Blogging my research: deciding how to analyse colouring book images

I recently was able to take some time to start the qualitative analysis on the colouring books project. If creative materials like colouring books differentiate how boys and girls are presented  in active situations, it might affect their imaginations and trajectories through sport, leisure and education. The Let Books Be Books campaign asserts that gender differentiated and stereotyped materials restrict the story lines available to children and can make them feel outcast if they make choices that don’t belong to ‘their gender’.

The quantitative analysis was completed in late 2014 but soon being on maternity leave I was not able to get the second part, where I attempt more of a discourse analysis of some of the images in six colouring books. The focus is on images of human bodies and physical activity, and I am trying to get a sense of how masculinity and femininity are represented in colouring books for children. Are men presented as active and powerful? Are women represented as passive / engaged in domestic activities, and are their poses submissive?

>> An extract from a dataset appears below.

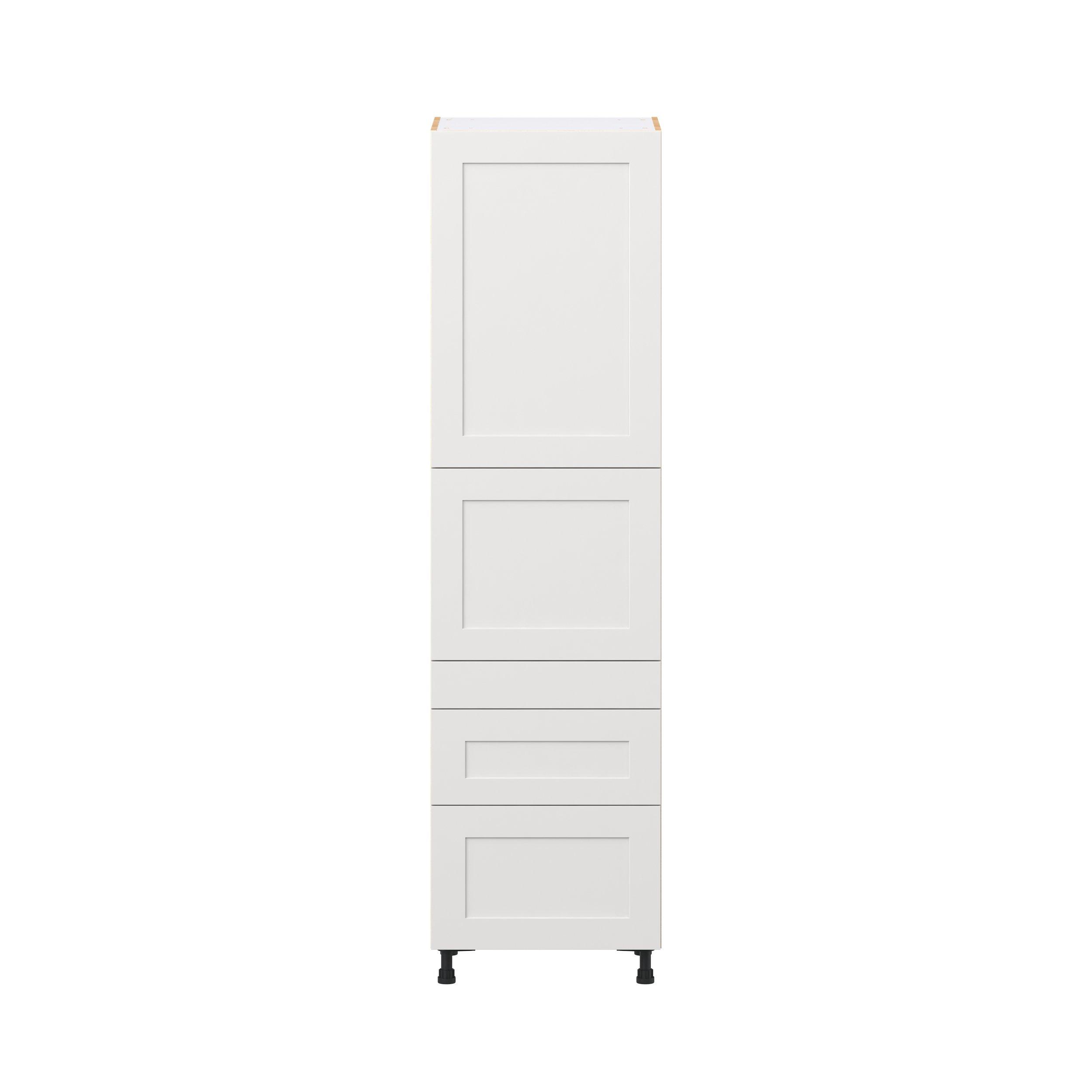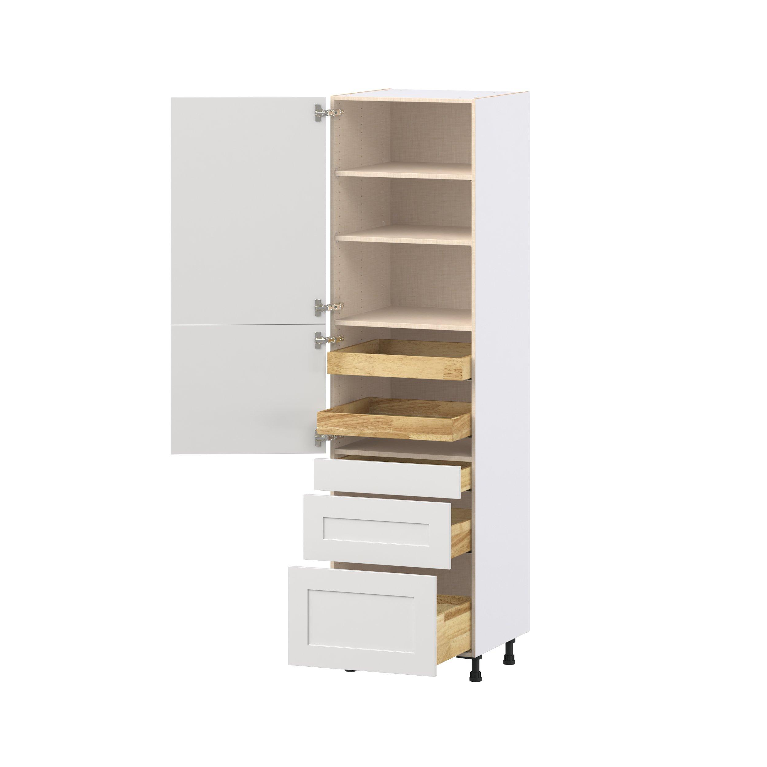 Transform your space with the elegance of Candler wide-rail shaker styles. Both the warm white and slate gray options create a rich transitional backdrop to complement any decor. Crafted from one-piece MDF Studio Design Collection Candler 24 in. Painted Warm White Door and Drawer Pantry Cabinet with Inner Pull-Out is designed to resist hairline cracks while the easy-to-clean finish stands up to stains and moisture. Featuring 5-piece doors and dovetail drawer joints, these cabinets offer durability and elegance. This collection combines style with everyday storage solutions.

The quantitative research found that gendered colouring books (books for boys and books for girls) present predominantly characters of the gender the book is aimed at, and found something of a trend towards boys being shown out of doors  and girls indoors more often. This used a quantitative content analysis to describe the images based on certain categories (gender, age of character; space; activity type – e.g. leisure time physical activity, sedentary, active transport). Gillian Rose (2013) in Visual Methodologies identifies that content analysis can provide a thorough representation of the field, but struggles to contribute to a critical visual methodology. Content analysis cannot analyse what is invisible or missing, differentiate strong or weak examples of a code, or comment on composition and mood (Rose, 2013).

I’m interested in whether there is a double whammy so that girls don’t merely learn what activities are appropriate for girls, but also how to act, dress and behave in a feminine way and in relation to boys (and vice versa with boys, masculinity). This prompts qualitative research because of the need to consider the sense or meaning that can be read in an image and accompanying text that a quantitative content analysis cannot record. Rose notes that a quantitative content analysis finds it difficult to analyse the strength of connections, for instance prompting us to think that a more frequent occurrence is more important than something that is only seen as few times.

However, there are multiple forms of qualitative analysis that can help make sense of the meanings of images, so I will turn to my go-to visual methods guides to help choose an analysis method.

Rose’s Visual Methodologies (3rd ed, Sage) introduces a number of forms of visual analysis and examines how they are done and with what sort of research question and what sort of images you can use them with. There is some element of comparison between the methods although it cannot of course tell me exactly which method I should use! I gravitated towards three of the chapters: on Semiotics, on Discourse Analysis (concerned with texts), on Discourse Analysis (concerned with social institutions).

Semiotics might seem to make sense in analysing images and symbols that create meaning about gender. However, as it is represented by Rose, I found semiotics to be weighed-down by jargon, to focus on case studies that might not be representative.

On the other hand, discourse analysis, in the Foucauldian sense (according to Rose), pays attention to the social construction and consequence of difference. Discourse ‘refers to groups of statements that structure the way a thing is thought, and the way we act on the basis of that thinking’ (Rose, 2013, p. 190). Discourse can be articulated though a variety of means or media, so intertextuality is important – that is, meanings depend on other texts too. By implementing discourse analysis, we could investigate the reproduction of the social institution and practice of gender. Hence, examination is possible of the construction of masculinities and femininities, and how they related to one another, in order to create more nuanced understanding of gender relations, subject positioning and the gendered body.

One lead researcher read through all six books and created written notes of the overt and covert stories told in the images; that is, the discourses reproduced in the images. For instance, characterisation; setting (such as contemporary, historical or imaginary); and juxtaposition of male and female characters were noted for individual images, and further observation of the overall discourses in each book.